Firstly, he specified that access to people centred on the necessity of businesses having a continued access to talent and skills in order to help foster economic growth, and that London First had been working on promoting the principles of an open immigration system. He referenced an ongoing piece of work by The Skills Commission, which was presently collecting evidence of the types of skills that businesses felt were needed from the UK workforce.
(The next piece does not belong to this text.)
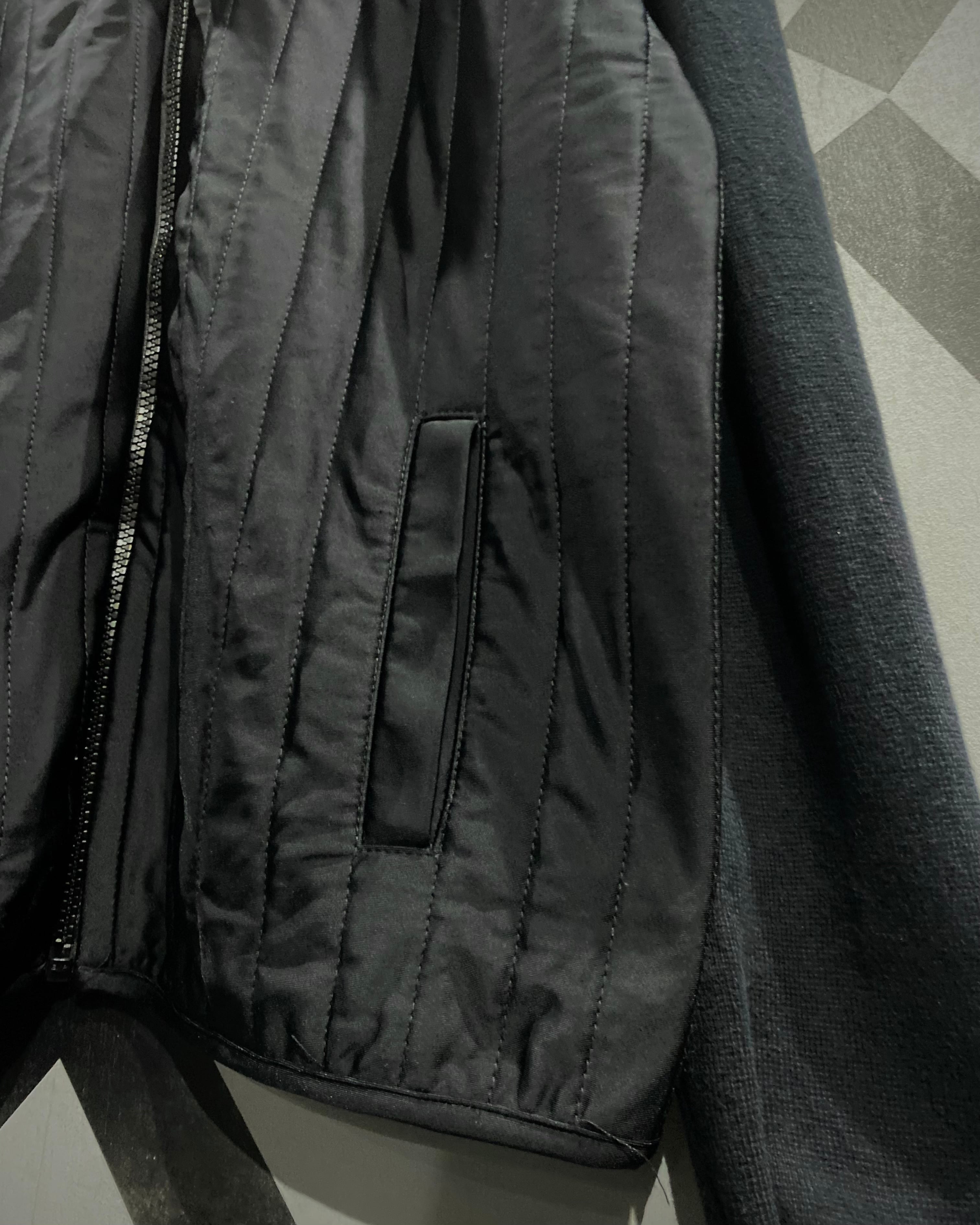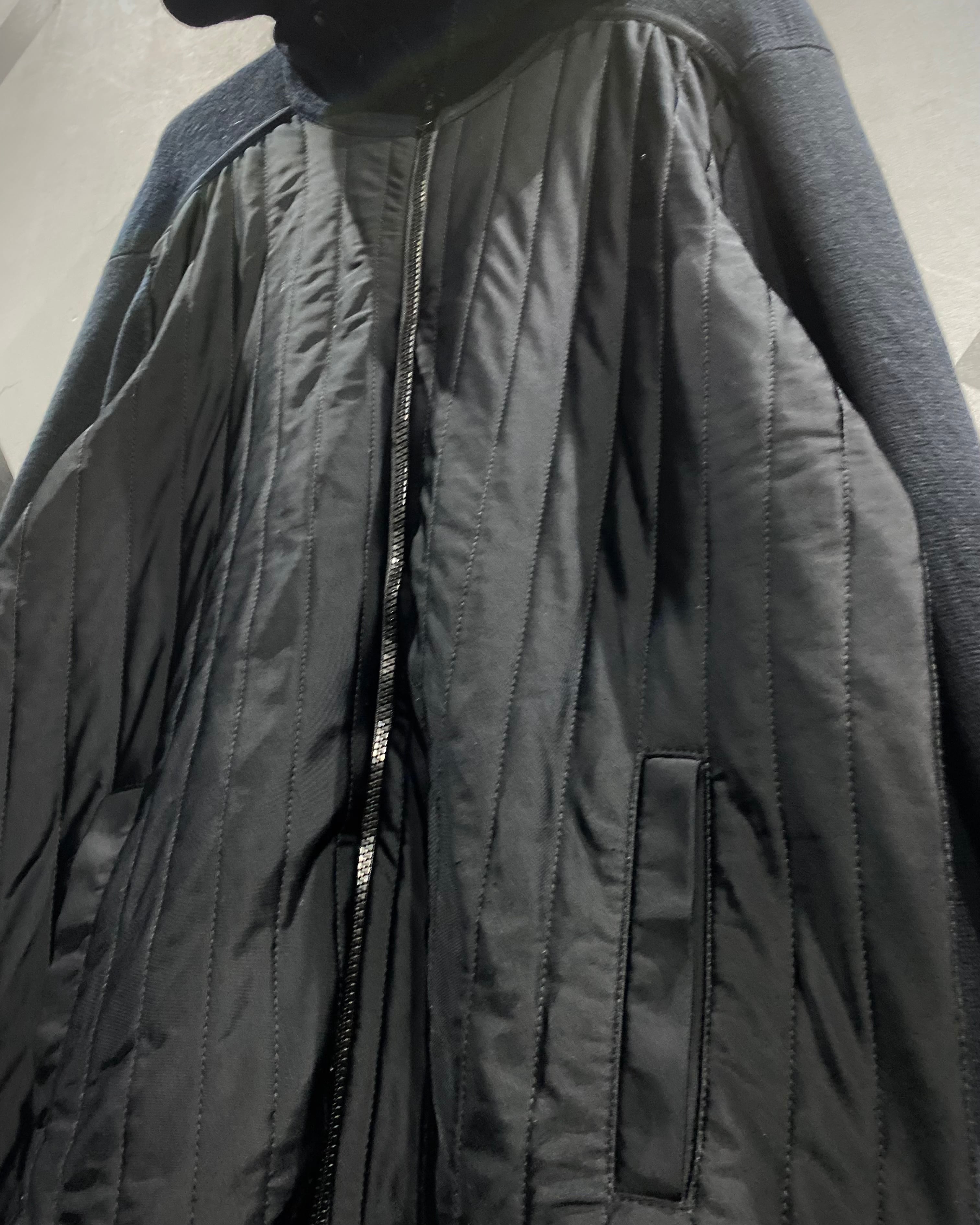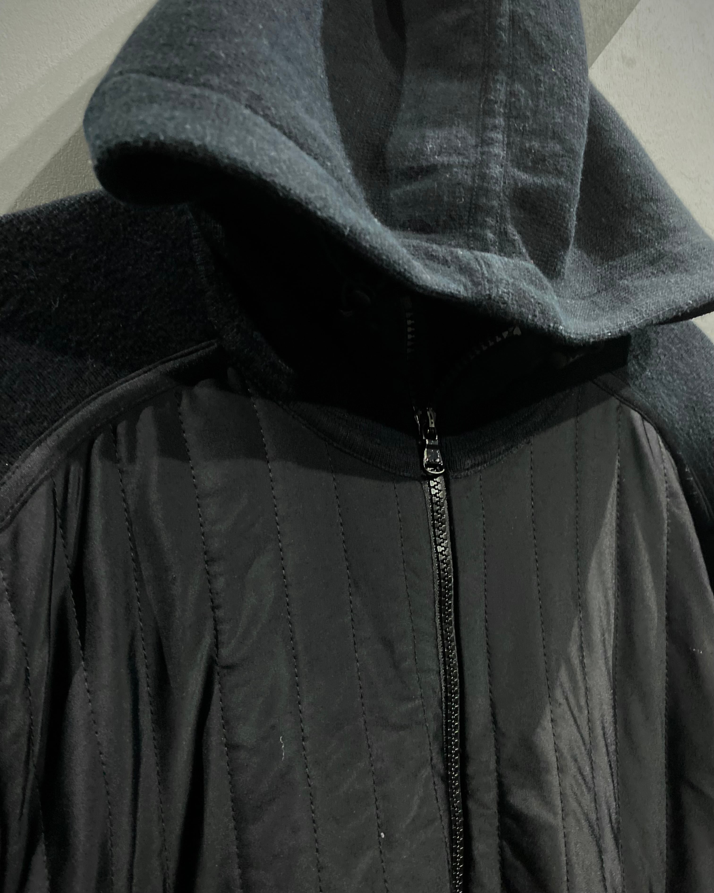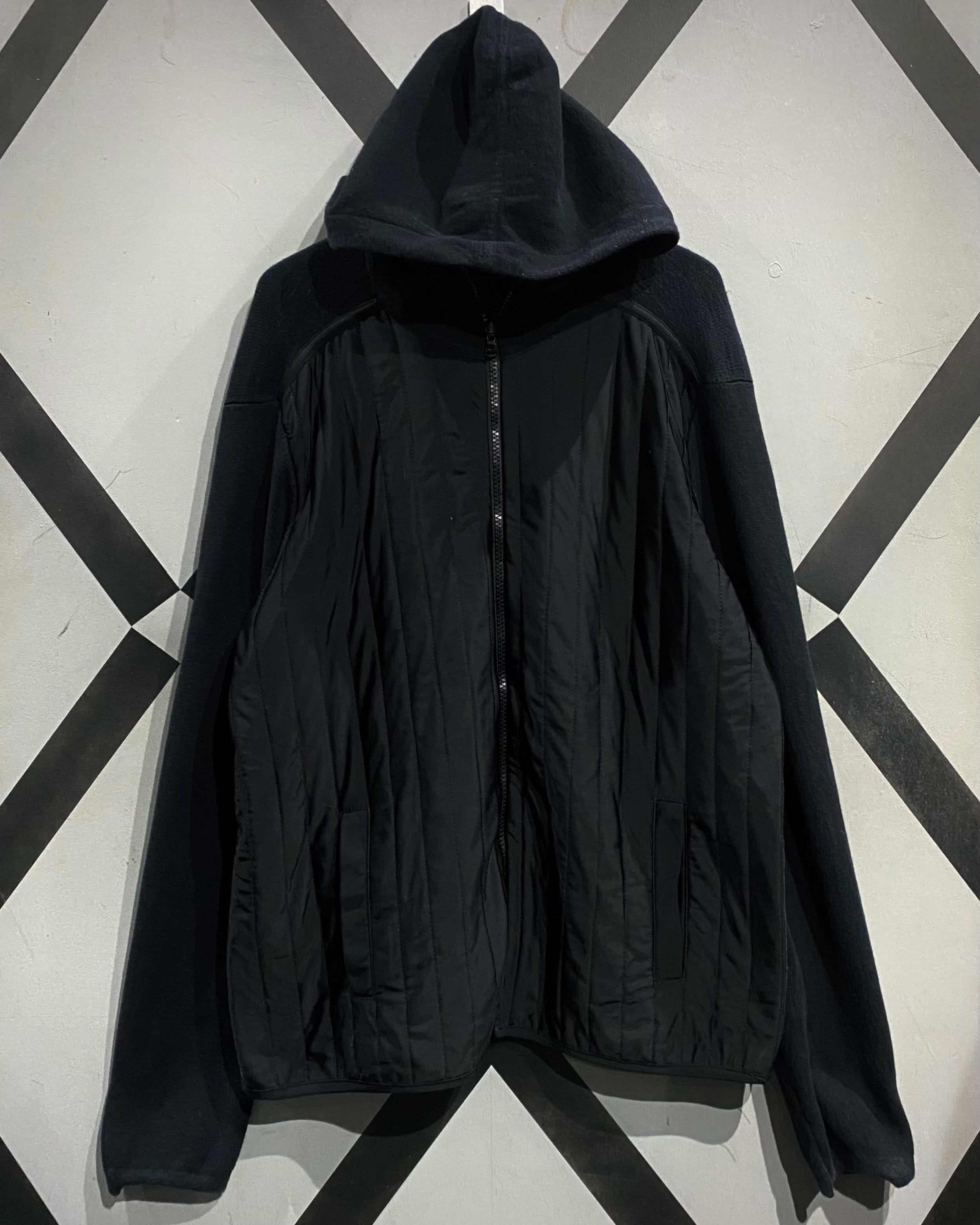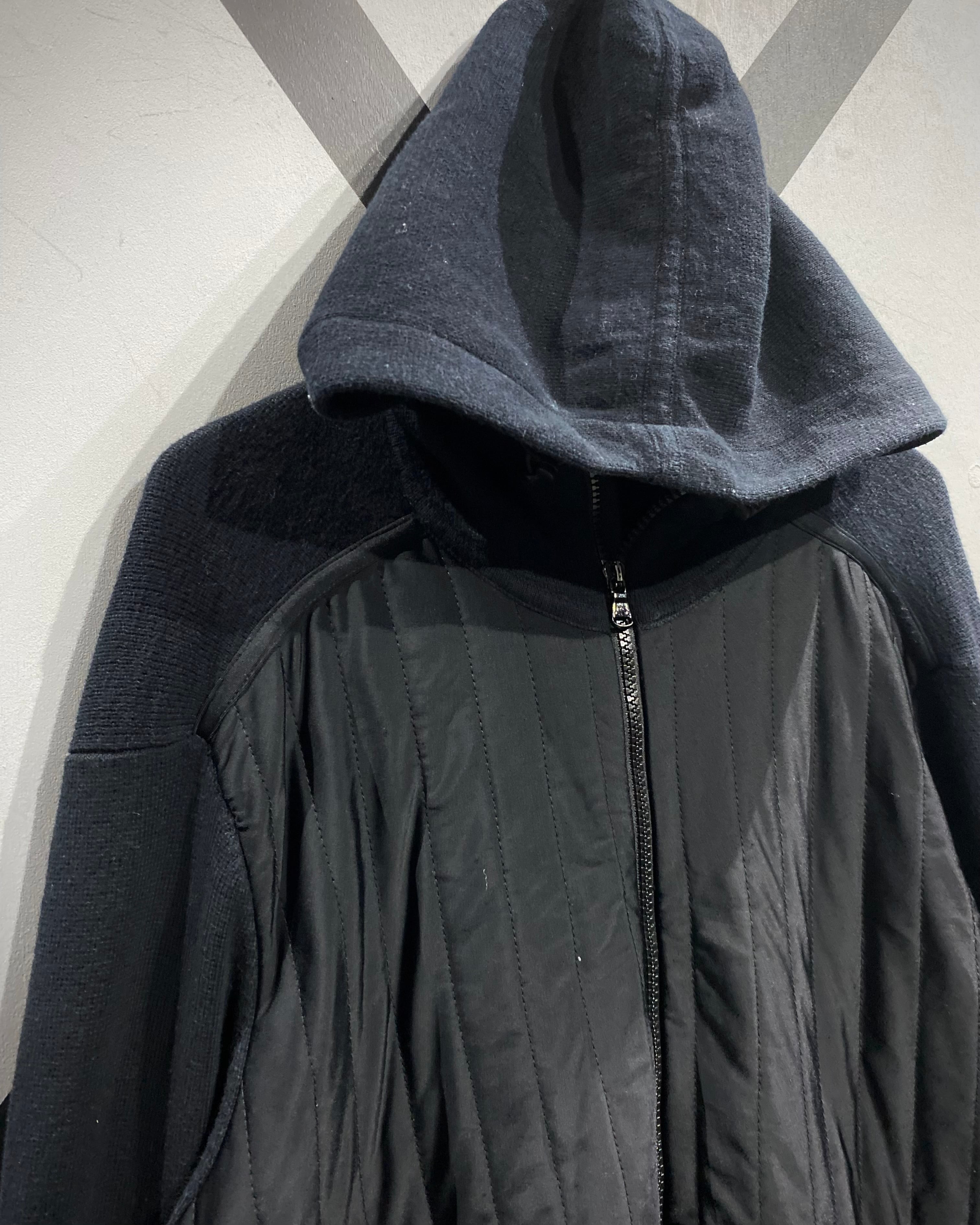 前身頃は軽量ナイロン×ステッチで立体感を作り、袖、フード、背面は柔らかなコットンニット。異素材のコントラストが抜群で、スポーティなのにどこかモードな雰囲気を漂わせています。

He encouraged all of the West London Boroughs to draw upon their expertise and expertise of having worked with local businesses to give evidence to the commission.

 

Secondly, on housing and infrastructure, he highlighted a business-led campaign called ‘Fifty Thousand Homes’ which promoted doubling housebuilding in London to at least 50,000 a year by 2020. He also referenced additional priorities such as a reform of congestion charges; the need for the completion of Crossrail 2; and the need to improve London’s digital infrastructure and connectivity to match a shift to a more digitally-orientated economy.

 

Thirdly, on the desire for balanced UK growth, Mr Lutton outlined that London First were presently reviewing their business plan and were thinking about London’s role within the UK’s overreaching business strategy. He outlined that the view of business was generally that a strong London economy helped to deliver economic growth for the rest of the country, and that this needed to remain a priority.  

 

Members thanked Mr Lutton for his presentation. Questions arose on which sectors were expected to be the most important in the near future and what West London boroughs could be doing to promote these areas. Mr Lutton said that creative and tech industries had grown rapidly and created high value jobs. However, he explained that the companies within these sectors were not necessarily ‘placed-based’ and that London was in danger of losing talent to countries abroad. He noted that there was a need for London to incentivise businesses to stay in the city, and that this was linked to improving infrastructure and solving the problems stemming from an increasingly unaffordable housing market.       

 

Members also raised the need for a digital inclusion strategy to be at the heart of the wider shift to a digital economy and that this should be promoted by both businesses and London boroughs. Mr Lutton agreed and mentioned that, in light of the rise of automation, the businesses which were most vulnerable were sectors that tended to include people who had been doing the same job for the  ...  view the full minutes text for item 5.

6.

Growth Agenda of the New Government pdf icon PDF 94 KB

The Committee will discuss emerging priorities of the new government, consider its implications for economic growth within boroughs and across West London more broadly, and identify those areas of particular relevant to be incorporated into its approach to growth in West London.

 

Additional documents:

Minutes:

Dan Gascoyne (Director, West London Alliance) introduced the report and appendices which set out what Britain’s main political parties had committed in their respective General Election Manifestos relating to: infrastructure, employment and skills, transport, digital policy, Brexit, devolution and constitutional reform. Mr Gascoyne commented that, at the time of the meeting, with the Conservative Party in discussions with the Democratic Unionist Party, it was difficult to be certain how the government would operate and which of these policy areas would be prioritised during the next Parliament. 

 

In the brief discussion that followed, Members commented that there continued to be the danger of a lack of economic progress caused by the present political uncertainty. However, Members agreed that, despite the uncertainty, it was clear that the skills agenda and the WLEPB’s relationship with the London Mayor and Mayor’s Office would remain vitally important in the near future. It was agreed that the growth agenda should be brought back to the next meeting of the WLEPB when the political situation was likely to be clearer. It was also agreed that the summary of bills in the 2017 Queen’s Speech be circulated electronically to WLEPB Members.

 

It was RESOLVED that:

 

(i)         The report and accompanying appendices be noted; and

 

(ii)        The ‘Growth Agenda of the New Government’ be re-considered at the next meeting of the WLEPB.

 

7.

Annual Report and Forward Look pdf icon PDF 112 KB

This reports provides an opportunity for the Board to review its progress and achievements to date against each of the themes set out in the West London Vision for Growth Action Plan, and to comment on the coming year’s work. If approved the content of this review will be incorporated into the Committee Forward Plan and published.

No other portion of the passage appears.